++++ MATERIAL PROVIDED ++++

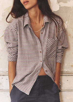 Soft and relaxed with an effortless feel, the Jordy Shirt by Xirena is crafted from a brushed cotton-blend plaid for lived-in comfort and everyday ease. Its boxy silhouette and classic shirting details make it an easy layer that works year-round. - Brushed Essex plaid with a soft, cozy hand - Button-front closure for versatile styling - Boxy, relaxed fit for an easy, modern shape - Left chest pocket adds a classic touch - Highlow shirttail hem for flattering proportion - The model is 5'10" and wears size Small 51% Cotton, 31% Viscose, 14% Polyester, 4% AF. Made in Los Angeles.
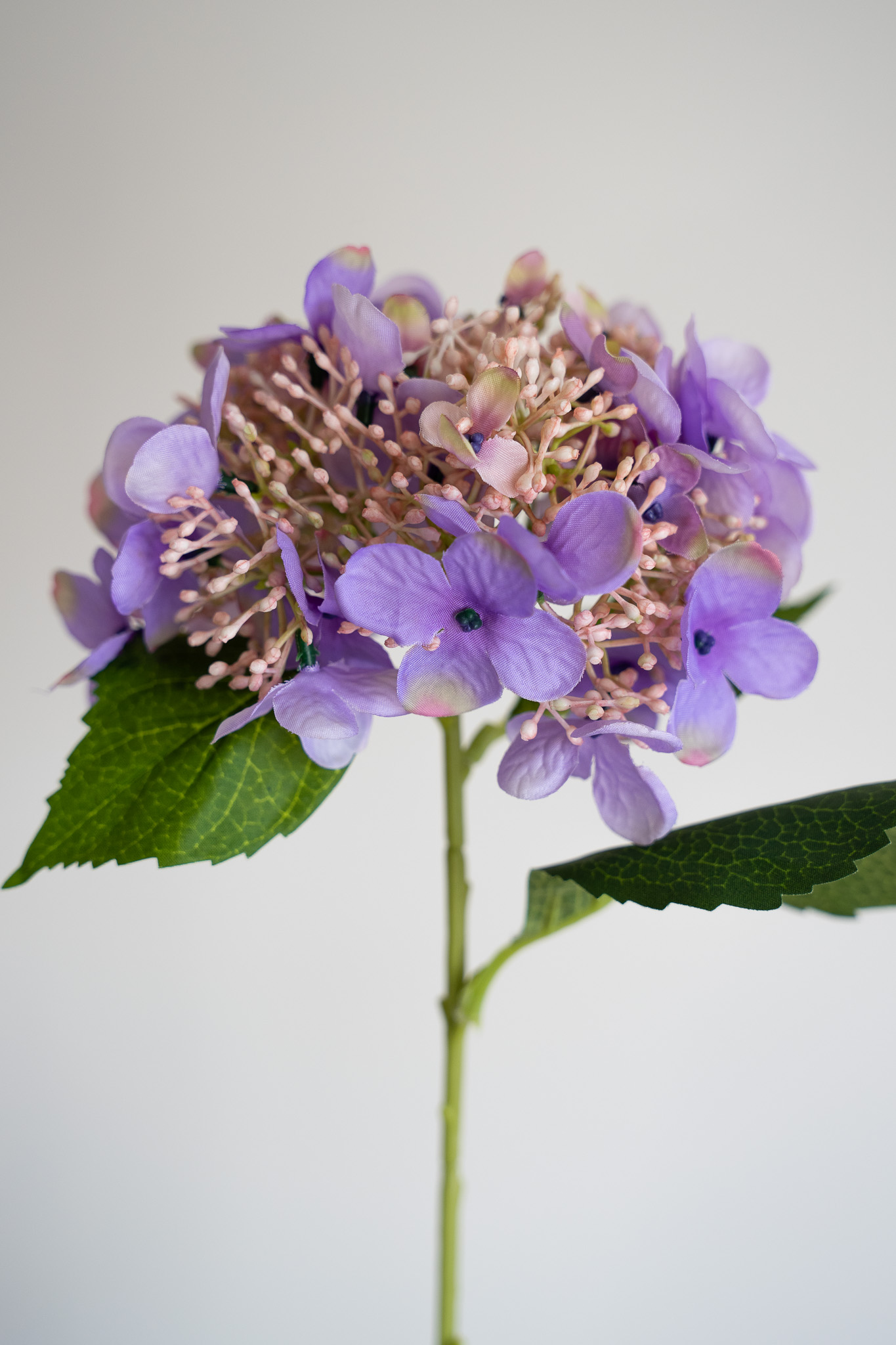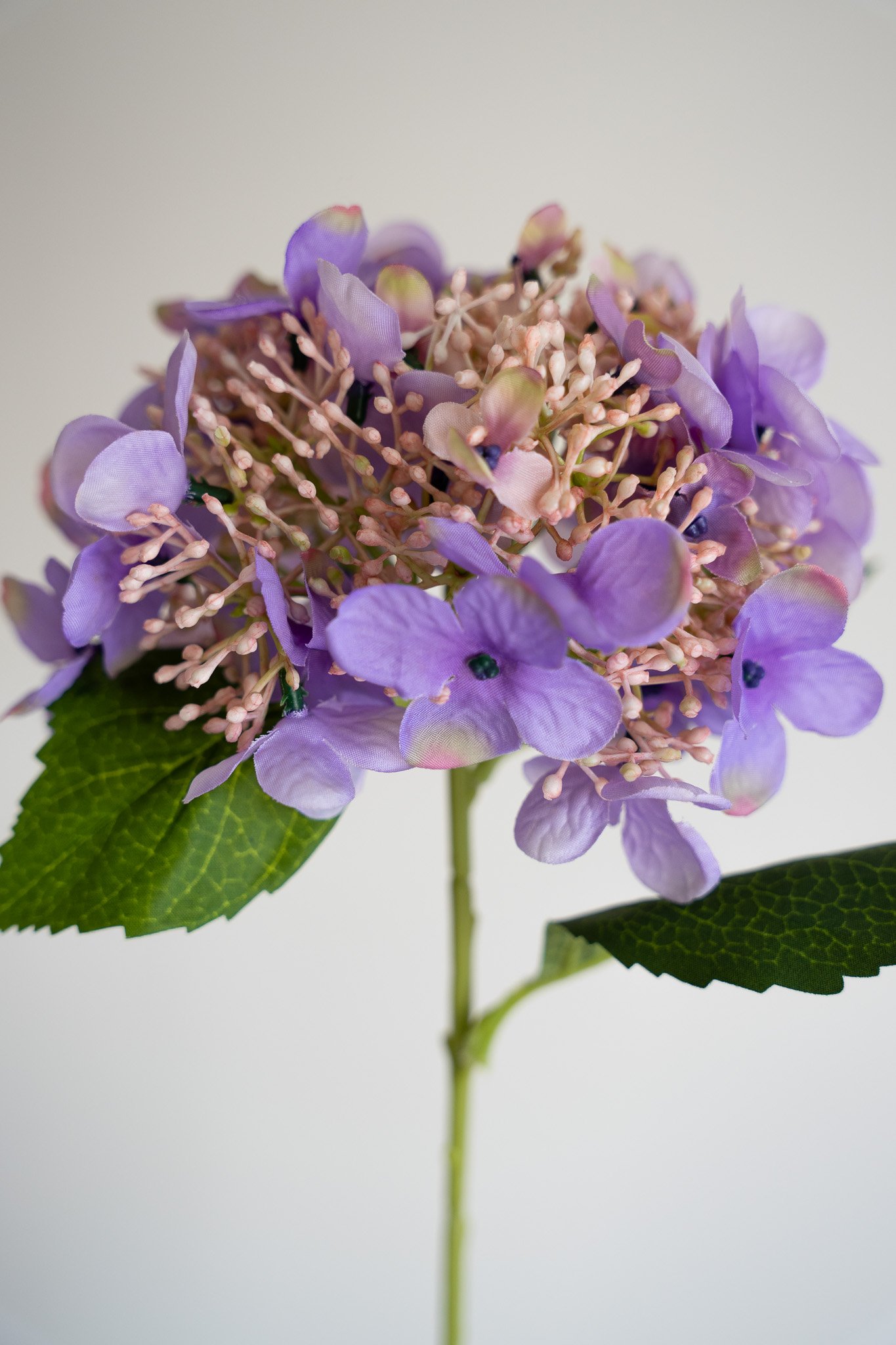 Deze prachtige zijden bloem is een goede opvulling voor uw zijden boeket. Maar ook solo of met een paar samen staan ze geweldig in een vaas. De Hydrangea is verkrijgbaar in het lichtroze, roze, paars en groen. Door verschillende takken te combineren maken zij samen ook een speelse combinatie. Prachtig afgewerkt en één van onze favorieten.
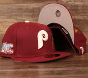For the Philadelphia Phillies crowd at capswag.com, we have this super cool retro all over embroidered maroon 5950 cap. This grey bottom brim is for all the Philadelphia Phillies supporters to cherish the legacy of the 1980 World Series and the great performance of their team.

++++

#### WHAT YOU HAVE TO DO
Leave out the images and write out the listing above exactly.

#### RESULT
 Soft and relaxed with an effortless feel, the Jordy Shirt by Xirena is crafted from a brushed cotton-blend plaid for lived-in comfort and everyday ease. Its boxy silhouette and classic shirting details make it an easy layer that works year-round. - Brushed Essex plaid with a soft, cozy hand - Button-front closure for versatile styling - Boxy, relaxed fit for an easy, modern shape - Left chest pocket adds a classic touch - Highlow shirttail hem for flattering proportion - The model is 5'10" and wears size Small 51% Cotton, 31% Viscose, 14% Polyester, 4% AF. Made in Los Angeles.
 Deze prachtige zijden bloem is een goede opvulling voor uw zijden boeket. Maar ook solo of met een paar samen staan ze geweldig in een vaas. De Hydrangea is verkrijgbaar in het lichtroze, roze, paars en groen. Door verschillende takken te combineren maken zij samen ook een speelse combinatie. Prachtig afgewerkt en één van onze favorieten.
For the Philadelphia Phillies crowd at capswag.com, we have this super cool retro all over embroidered maroon 5950 cap. This grey bottom brim is for all the Philadelphia Phillies supporters to cherish the legacy of the 1980 World Series and the great performance of their team.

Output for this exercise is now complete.